• The problem: Extract the lines up to and including the one that contains "Этот промт создан", starting with the first line of the entries below, and omit the pictures.

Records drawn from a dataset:
-- Opening Marker --

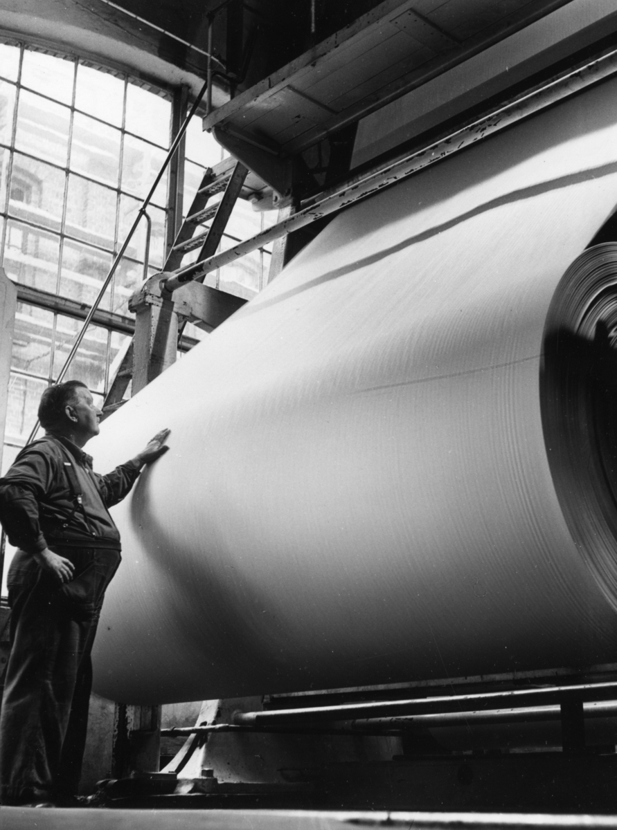 En man arbetar vid maskinen Glätt nr. 3 på Papyrus, okt. 1951.
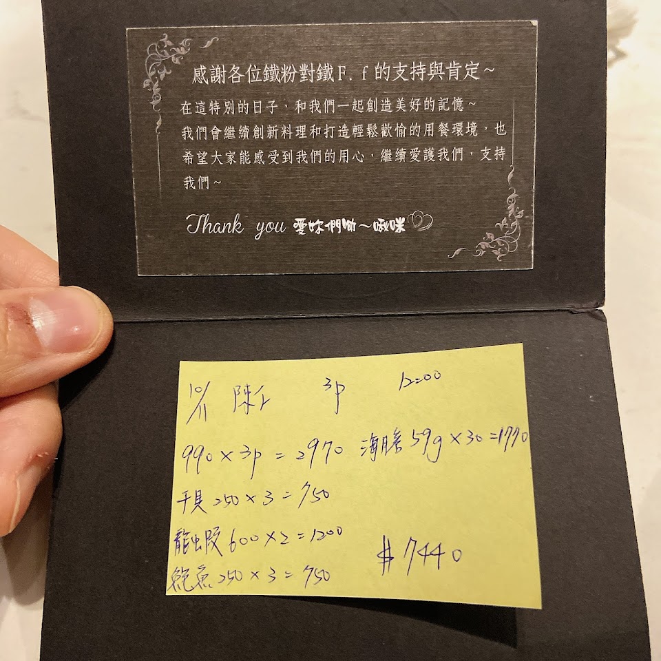優點 :食材新鮮有創意,店員服務態度很親切,最驚豔的一道菜如附上的照片,那是一杯凍檸茶,在氣球破掉時會有一陣香氣,於此時喝下有一種香氣潤喉的口感,非常棒且有創意的一道菜,因為無菜單料理,原以為會很貴,價錢確意料之外的便宜,完全不輸犇、紅花、等米其林鐵板燒,很用心在經營。
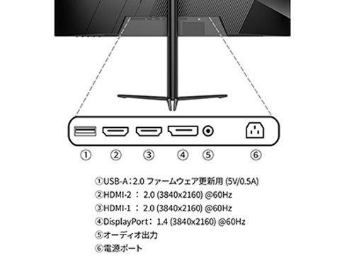 ■インターフェイスは、HDMI2.0 x2 (60Hz)、DisplayPort1.4 x1 (60Hz)を装備し、様々な機器との接続が可能です。
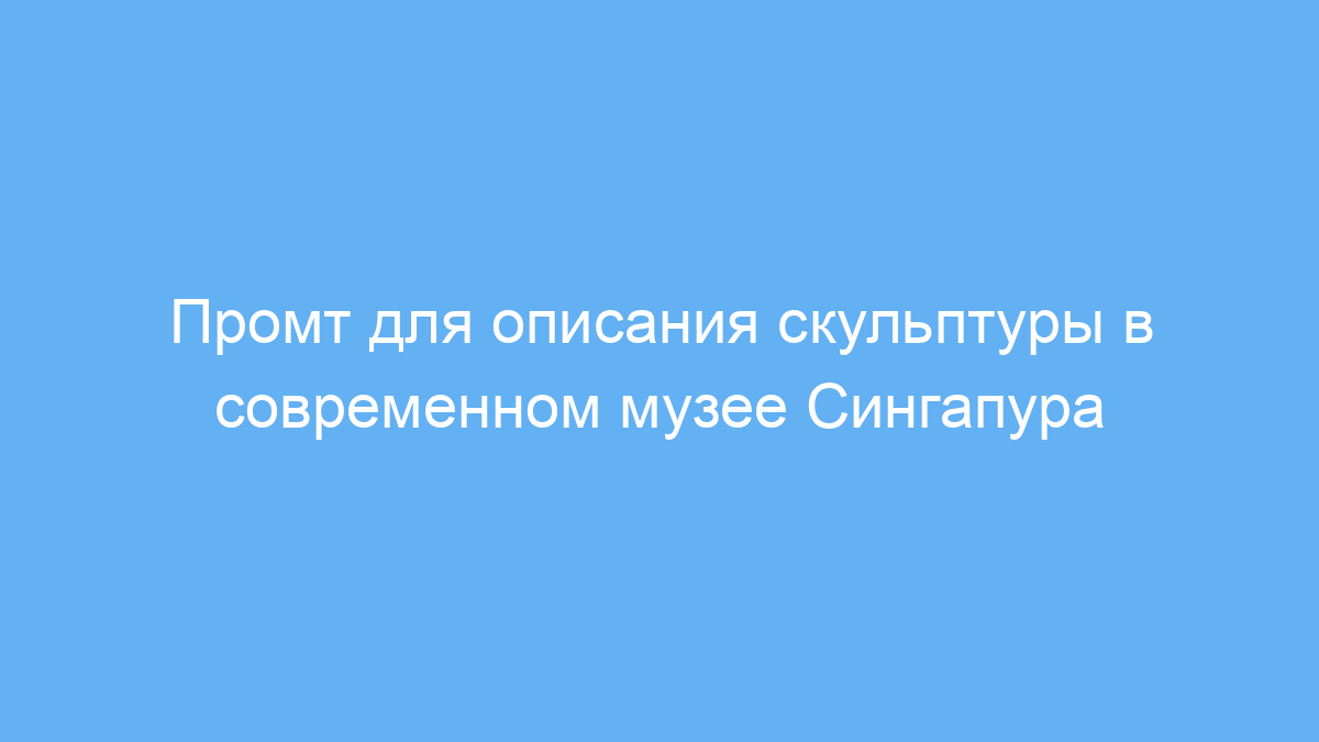 Этот промт создан для тех, кто хочет получить подробное и художественное описание скульптуры из глазурованной керамики, установленной на пьедестале в современном музее Сингапура.
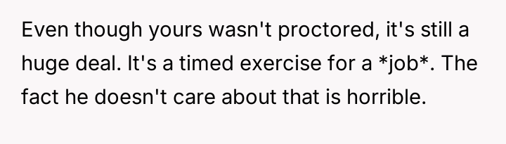 The original poster (OP) is experiencing high stress due to unemployment and an ident*ty crisis, leading to an intense need for focus during a crucial job assessment.
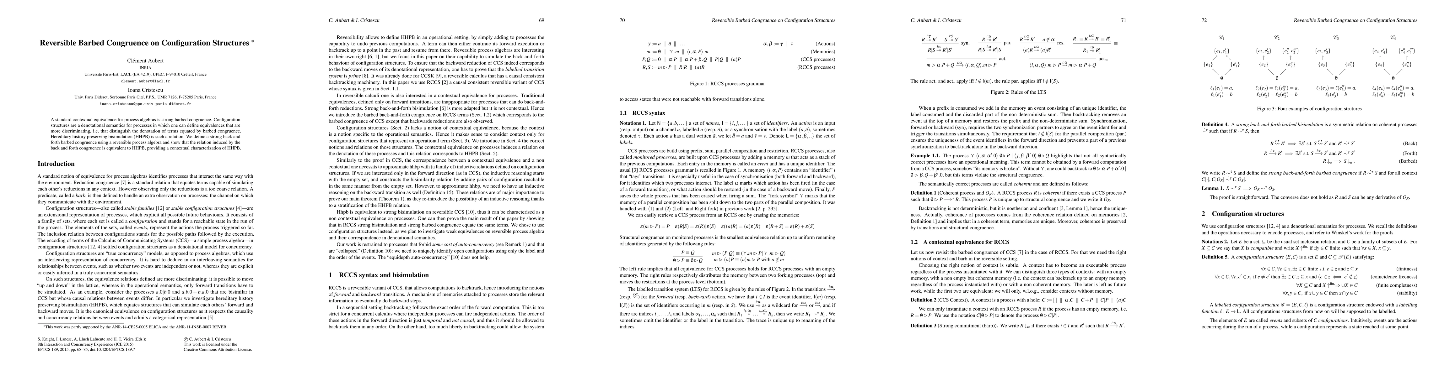 A standard contextual equivalence for process algebras is strong barbed congruence. Configuration structures are a denotational semantics for processes in which one can define equivalences that are more discriminating, i.e. that distinguish the denotation of terms equated by barbed congruence. Hereditary history preserving bisimulation (HHPB) is such a relation. We define a strong back and forth barbed congruence using a reversible process algebra and show that the relation induced by the back and forth congruence is equivalent to HHPB, providing a contextual characterization of HHPB.
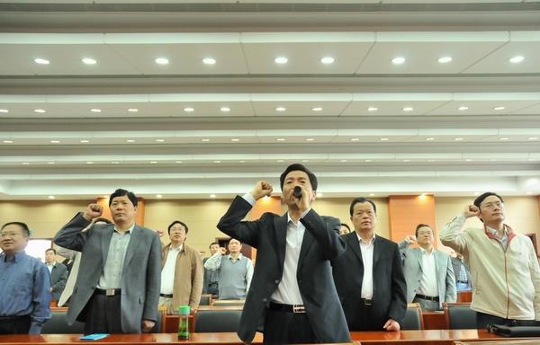 揚(yáng)州建工控股系統(tǒng)組織黨員干部到揚(yáng)州市警示教育基地參觀接受教育 時(shí)間:2011-05-27 5382 5月27日上午,建工控股公司機(jī)關(guān)、華建總部黨員干部和揚(yáng)建、揚(yáng)安、華宏、中專校等單位領(lǐng)導(dǎo)班子成員及黨務(wù)、紀(jì)檢、財(cái)務(wù)、行政等部門中層負(fù)責(zé)人共80多人,到揚(yáng)州市警示教育基地參觀接受教育,大家觀看了預(yù)防腐敗警示教育宣傳圖片、電視專題片和違法犯罪人員現(xiàn)身說法錄像。建控公司黨委書記、董事長陸金龍?jiān)趨⒂^結(jié)束前作了誡勉講話,指出這次建控系統(tǒng)組織黨員干部開展廉潔自律警示教育活動(dòng),是加強(qiáng)干部能力作風(fēng)建設(shè)的一項(xiàng)重要內(nèi)容。一系列反面案例帶來的教訓(xùn)和思考,令大家深受觸動(dòng)。見不賢而內(nèi)自省。建控系統(tǒng)廣大黨員干部要從確立正確的角色定位、樹立合理的人生追求、建立完善的制度保障、打造健康的從業(yè)環(huán)境四個(gè)方面入手,進(jìn)一步加強(qiáng)廉政教育、樹立自律意識(shí)、保持清廉本色,從而提高干事業(yè)、謀發(fā)展的能力和水平,為創(chuàng)建“三個(gè)揚(yáng)州”、建設(shè)和諧社會(huì)作出應(yīng)有貢獻(xiàn)。最后,陸金龍同志帶領(lǐng)大家集體進(jìn)行了莊嚴(yán)的廉政承諾宣誓。

-- Closing Marker --

• Solved problem:
 En man arbetar vid maskinen Glätt nr. 3 på Papyrus, okt. 1951.
優點 :食材新鮮有創意,店員服務態度很親切,最驚豔的一道菜如附上的照片,那是一杯凍檸茶,在氣球破掉時會有一陣香氣,於此時喝下有一種香氣潤喉的口感,非常棒且有創意的一道菜,因為無菜單料理,原以為會很貴,價錢確意料之外的便宜,完全不輸犇、紅花、等米其林鐵板燒,很用心在經營。
 ■インターフェイスは、HDMI2.0 x2 (60Hz)、DisplayPort1.4 x1 (60Hz)を装備し、様々な機器との接続が可能です。
 Этот промт создан для тех, кто хочет получить подробное и художественное описание скульптуры из глазурованной керамики, установленной на пьедестале в современном музее Сингапура.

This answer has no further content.